A Smart Politics analysis finds if Steve King fails to win his party’s nomination in 2020, it will end a streak of 196 consecutive successful renomination bids by Iowa U.S. Representatives since the 1950 election cycle.

[Note: If no Iowa congressional candidate reaches the 35 percent threshold in a primary, the nomination is thrown to a district convention. King himself received his first nomination to the office in 2002 via convention after winning 30.6 percent in a four-way primary].

Iowa passed its primary law on April 4, 1907 after a decade of lawmakers attempting to bring the power of the nominating process into the hands of the people. The first U.S. House primaries  in Iowa were conducted on June 2, 1908.

Since that cycle, all but nine of the 387 incumbents running for reelection won their party’s nomination (97.7 percent).

The most recent member of Iowa’s U.S. House delegation to come up short in a primary was seven-term Republican Congressman John Gwynne in 1948 – one year before King was born.

Gwynne was first elected to the chamber in 1934 when he ousted Democratic freshman Albert Willford by 8.4 points in a cycle where Republicans lost 14 seats nationally.

In 1948, however, Gwynne was challenged that June by journalist and fellow party member Harold Gross. Gross defeated Gwynne by 11.4 points with 55.7 percent of the GOP primary vote and went on to win the 3rd CD general election that November en route to 13 terms in the chamber.

Since Gwynne’s loss, Iowa U.S. Representatives have rattled off 196 primary wins in a row with 16 other primaries held for open seats.

Prior to the 1950s, it was more common – although still unusual – for members of the nation’s lower legislative chamber from Iowa to lose their party’s nomination.

From the onset of the primary era in 1908 through 1948, approximately one in 20 incumbents running for reelection lost their renomination bids – nine out of 191 (4.7 percent).

Republicans, who have largely dominated Democrats in Iowa’s congressional elections over the last century, account for eight of the nine failed renomination attempts since 1908.

In that 1908 cycle, five-term Republican James Conner was the first casualty of the new primary law in a congressional race.

Conner lost in the 10th CD primary by 12.0 points to the state’s GOP central committee chairman Frank Woods.

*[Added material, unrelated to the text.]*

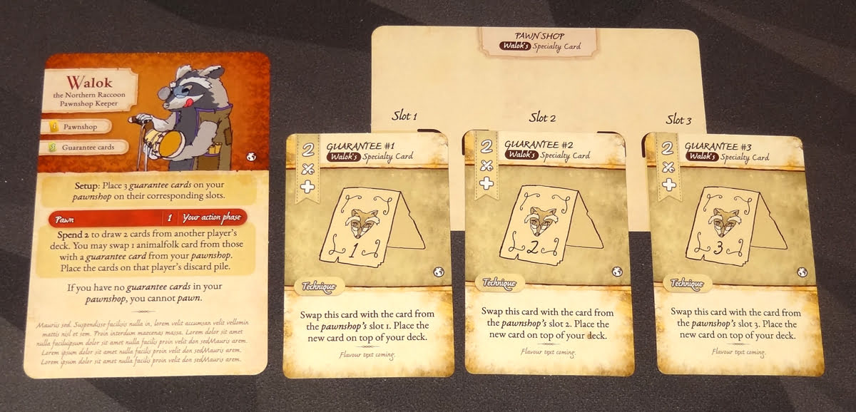 Walok, on the other hand, is a bit of a trickster. He has a pawn shop with three slots that start with his three guarantee cards. Once per turn, he may spend 2 to draw cards from another player’s deck, and put one of them into his pawn shop, giving that player the guarantee card instead. That player has the option of trading it back once they draw the guarantee card—or they might just use the card’s 2 value to pay for things instead, leaving their card in the pawn shop for later.

Over the next four decades, eight other Iowa U.S. Representatives lost their renomination bids including Gwynne in 1948:

  • Republican John Hull, 1910 (7th CD): The 10-term congressman lost by 13.2 points to attorney Solomon Prouty
  • Democrat Sanford Kirkpatrick, 1914 (6th CD): The freshman lost by 6.4 points to Sigourney attorney W.H. Hamilton
  • Republican Frank Woods, 1918 (10th CD): The five-term GOPer lost to attorney Lester Dickinson by 11.0 points
  • Republican Harry Hull, 1924 (2nd CD): The five-term congressman was defeated by state judge Fred Letts by 4.4 points
  • Republican Earl Vincent, 1928 (9th CD): The freshman had served only a shade over a month after winning a special election when he lost to attorney Charles Swanson at a July 11th nominating convention. [Vincent had the most votes in the primary, but his 27.6 percent was well shy of the necessary threshold].
  • Republican C. William Ramseyer, 1932 (5th CD): After reapportionment, the nine-term legislator lost his party’s nomination by 11.3 points to fellow congressman Lloyd Thurston in a four-candidate field
  • Republican Fred Gilchrist, 1944 (6th CD): The seven-term Republican lost to Fort Dodge School Board member James Dolliver by 5.4 points

It should be noted that of the eight instances during the primary era in which Republican incumbents lost their party’s nomination, the GOP still held the seat all eight times in the general election.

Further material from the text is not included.